Subacute sclerosing panencephalitis:

The Maharashtra state government recently informed the Bombay High Court that it is yet to frame a policy to deal with Subacute Sclerosing Panencephalitis (SSPE), an extremely rare but fatal neurodegenerative disease affecting children that has a fatality rate of 95%.

  • SSPE, also known as Dawson disease, is a progressive, disabling, and deadly brain disorder related to measles (rubeola) infection.
  • The disease develops many years after the measles infection, even though the person seems to have fully recovered from the illness.
  • SSPE has been reported in all parts of the world, but in western countries it is a rare disease.
  • Males are more often affected than females.

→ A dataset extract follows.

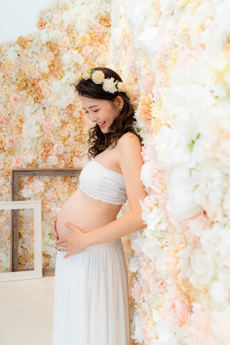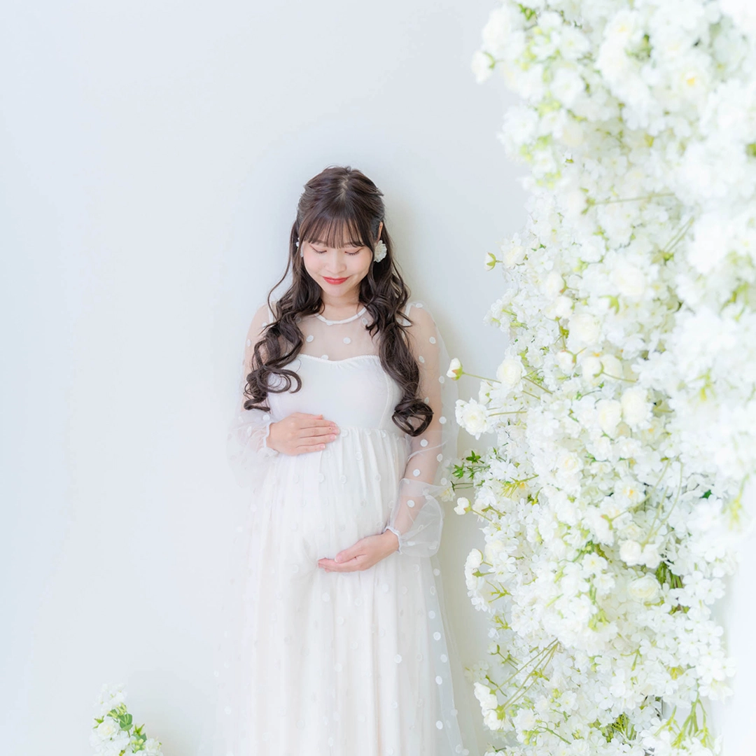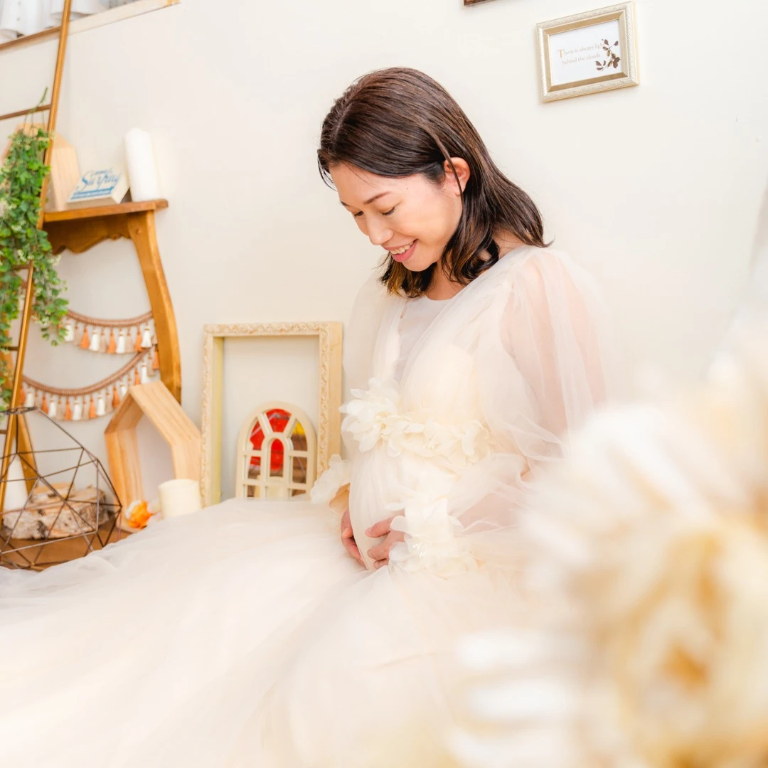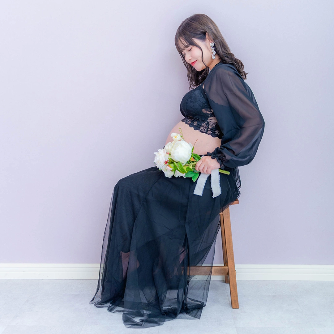 肩の出たデザインのマタニティドレスを着用される場合、ブラトップやヌーブラ、下着が透けないインナーなどをお持ちください。またお腹を出しての撮影をご希望の場合は、撮影時にお洋服の跡が残らないように、ワンピースなどのお洋服でのご来店をいただきますと綺麗に撮影することができます。デニムなどズボンのチャックをおろしての撮影の場合、下着が見える可能性がございますので、下着とは別にインナーをご持参ください。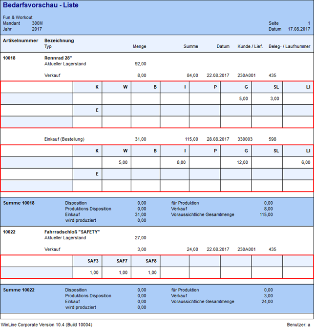 … aufgerufen werden. Innerhalb dieser Auswertung wird der voraussichtliche Artikelbedarf zu einem bestimmten Zeitpunkt ausgewiesen.

The disease generally occurs in children and adolescents.
  • SSPE is a rare condition.
  • Normally, the measles virus does not cause brain damage.
  • However, an abnormal immune response to measles or, possibly, certain variant forms of the virus may cause severe illness and death.
  • This response leads to brain inflammation (swelling and irritation) that may last for years.
  • High mortality rates are associated with SSPE, and there is no cure for SSPE.
  • Treatment is generally aimed at regulating symptoms.
  • Certain antiviral medicines and medicines that boost the immune system may be tried to slow the progression of the disease.